Segment Open

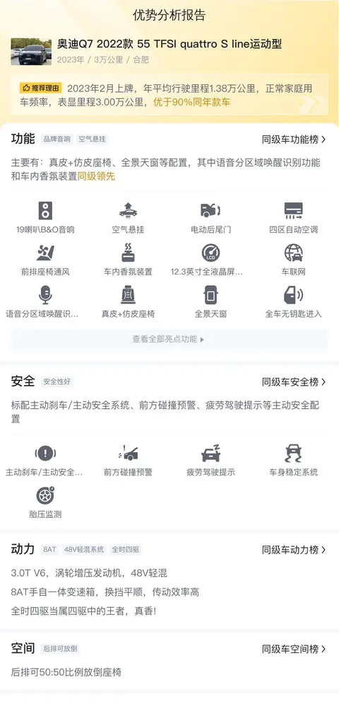 综上所述,这款奥迪Q7 2022款 55 TFSI quattro S line 运动型在车辆状况良好、价格合理的情况下,是一款值得考虑的二手车选择。但需要注意的是,车辆的实际状况和售价需结合具体情况进行评估,建议消费者在购买前进行详细的了解和比较。
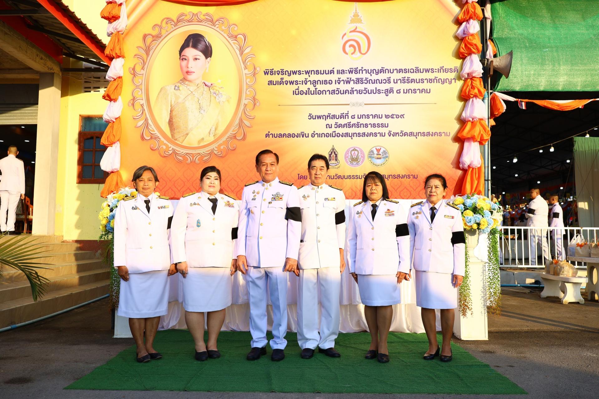 ร่วมพิธีทำบุญตักบาตร และพิธีเจริญพระพุทธมนต์เฉลิมพระเกียรติ เนื่องในโอกาสวันคล้ายวันประสูติ สมเด็จพระเจ้าลูกเธอ เจ้าฟ้าสิริวัณณวรี นารีรัตนราชกัญญา 8 มกราคม
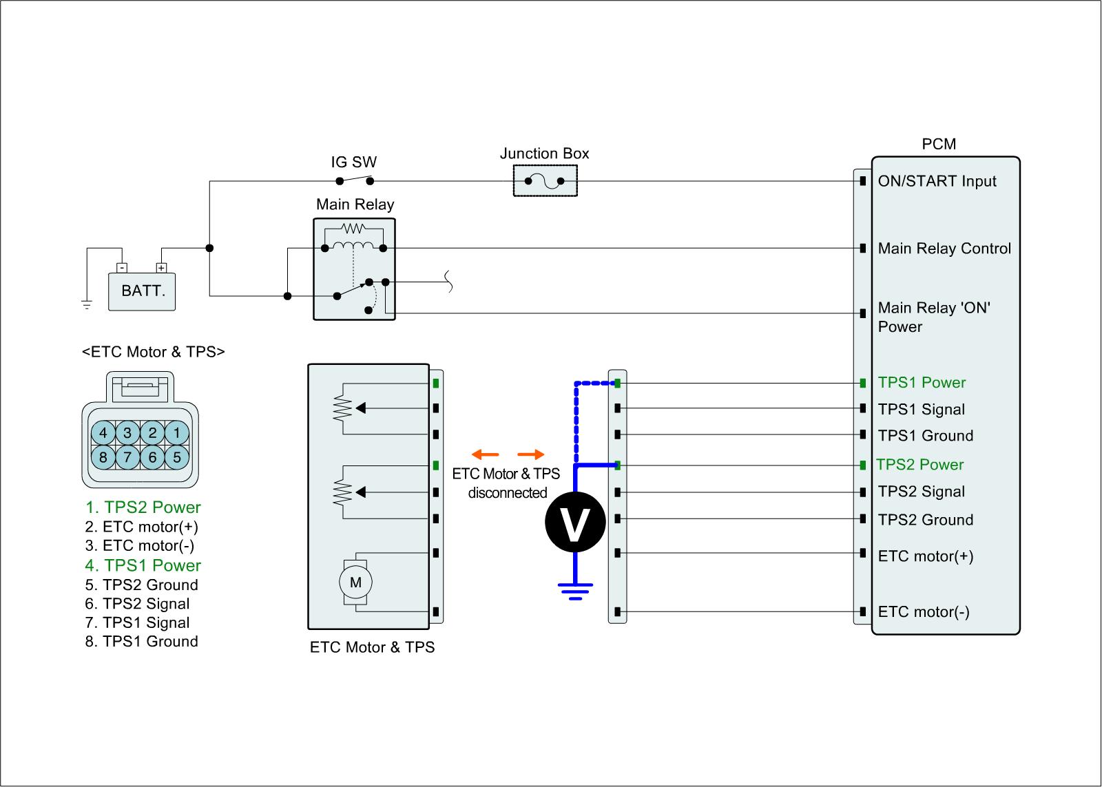 3. Measure voltage between TPS 1 (2) power terminal of ETC Motor & TPS harness connector and chassis ground.
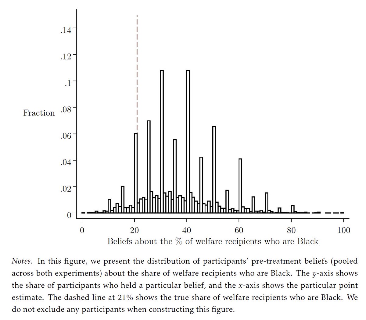 Motivation: Many observational studies suggest that people's (incorrect) beliefs about welfare recipients being disproportionately Black limit their support for related spending.

Segment Closed

| YOUR TASK |
Return the listing verbatim, pictures excluded.

| ANSWER TO THIS TASK |
 综上所述,这款奥迪Q7 2022款 55 TFSI quattro S line 运动型在车辆状况良好、价格合理的情况下,是一款值得考虑的二手车选择。但需要注意的是,车辆的实际状况和售价需结合具体情况进行评估,建议消费者在购买前进行详细的了解和比较。
 ร่วมพิธีทำบุญตักบาตร และพิธีเจริญพระพุทธมนต์เฉลิมพระเกียรติ เนื่องในโอกาสวันคล้ายวันประสูติ สมเด็จพระเจ้าลูกเธอ เจ้าฟ้าสิริวัณณวรี นารีรัตนราชกัญญา 8 มกราคม
 3. Measure voltage between TPS 1 (2) power terminal of ETC Motor & TPS harness connector and chassis ground.
 Motivation: Many observational studies suggest that people's (incorrect) beliefs about welfare recipients being disproportionately Black limit their support for related spending.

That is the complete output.